The murder of a non-formal teacher named Itishree Pradhan in the remote village of Tikiri under Kashipur Block in the Rayagada district generated nationwide uproar and consternation. This is one of the rare cases where Central Bureau of Investigation has not been able to trace out the main accused.

Background
The allegations as described in the criminal case record (C.T.No.48 of 2014 on the file of the Sessions Judge, Rayagada) are that one Itishree Pradhan, a contractual government  teacher of Project U.P.School, Tikiri, was harassed by one Netrananda Dandosena, S.I. of schools of Kasipur Block who happens to be the ex-Headmaster of the school. Unable to bear the harassment anymore, the victim lodged written reports against the accused as well as his family members. Apparently no action was taken against the culprits. The victim made representations to various authorities and organizations for her redress. Meanwhile, the accused went on harassing her in various ways to back off or withdrawal of the complaints.  The allegations further disclose that on 27.10.2013 at about 9.20 PM when the victim was listening to music, an unknown culprit entered the room of the victim and threatened her to withdraw the cases against the accused persons. When she declined, the culprit poured kerosene on her & set her ablaze. A very badly burnt Itishree was taken to the PHC, Tikiri. The Medical Officer administered preliminary treatments and apprehending her imminent demise, recorded her dying declaration. The victim was referred to District Headquarters Hospital for specialized treatment. The matter was reported to Police and the Tahasildar-cum-Executive Magistrate, Rayagada also recorded a dying declaration. The deceased was thereafter referred to Seven Hills Hospital at Visakhapatnam where she succumbed to the severe burns on 01.11.2013 at 11.14 A.M.

Investigation
The inaction of the local government officials was highly blamed as media highlighted the issue. The State Government directed the CID (CB) to investigate the case. Accused Netrananda Dondosena was charge sheeted who faced trial in C.T. No. 48 of 2014 on the file of the Sessions Judge, Rayagada.
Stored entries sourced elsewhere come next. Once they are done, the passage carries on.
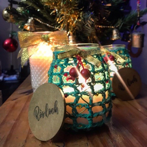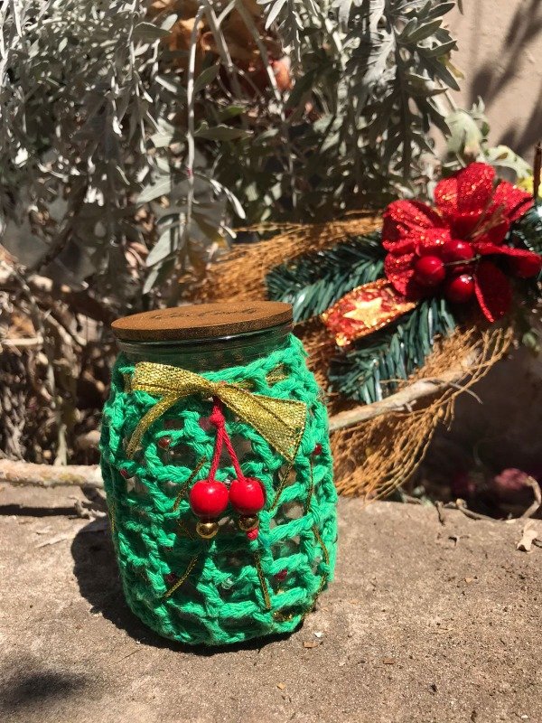 Este potiche tiene una vestimenta tejida al crochet en color verde Navidad, con incrustaciones
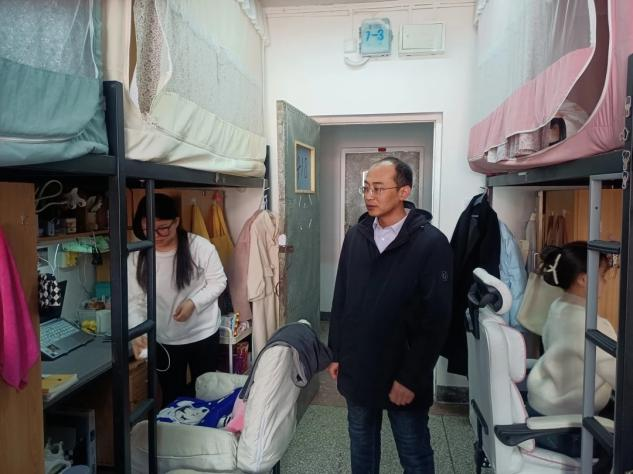 院学工组深入学生宿舍排查安全隐患,对学生目前的思想状况、学习生活、宿舍安全等方面深入细致了解,强调要坚决杜绝违规使用电器,严防火灾和人身意外事故的发生。
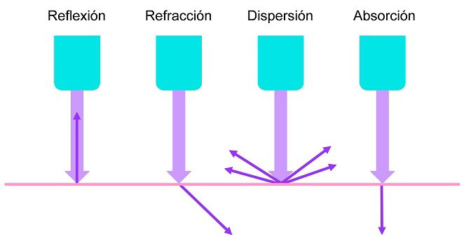 cambio de dirección del ultrasonido al incidir sobre una superficie sin atravesarla
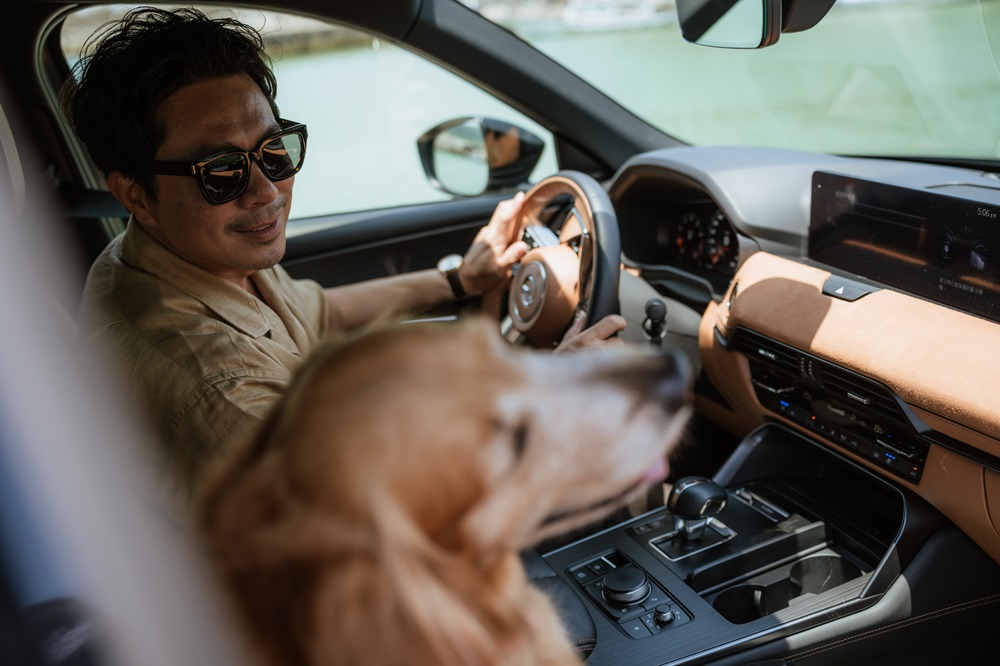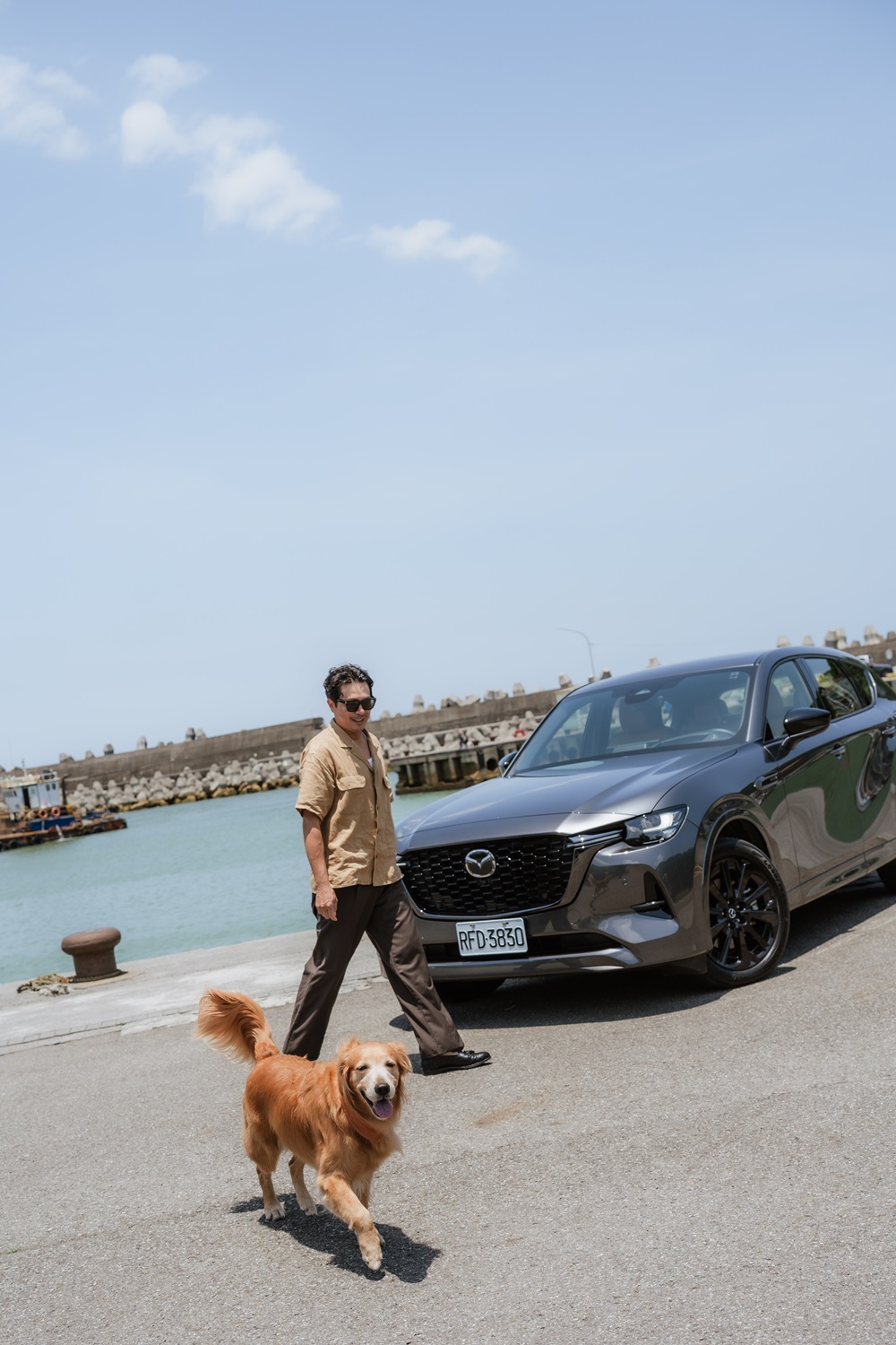 佩戴著招牌墨鏡造型,眼前這位品格高尚的紳士,副駕駛座還有一隻可愛的黃金獵犬 Yana 探頭出來迎接我們,他是知名五大傑出華人水下攝影師,同時也是位列全球百大不可不知的水下攝影師-Yorko Summer(後簡稱 Yorko)。Yorko 趁著工作空檔,開著 Mazda CX-60 33T AWD Premium Sport 在濱海公路上與愛犬享受都市逃離的放逐之旅!

The Apex Court, basing on a PIL filed by one Sudeepta Lenka, law graduate from Bengalure, directed further investigation by CBI to apprehend the main accused in the case.

Judgment
The accused was held guilty of the offences U/sec. 120(B) of the IPC for having conspired to murder the deceased punishable u/sec 302 of the IPC.  The trying Judge observed in the judgment that the convict deserves exemplary punishment to serve as a deterrent to potential conspirators and accordingly sentenced him to undergo imprisonment for life on 26.04.2016.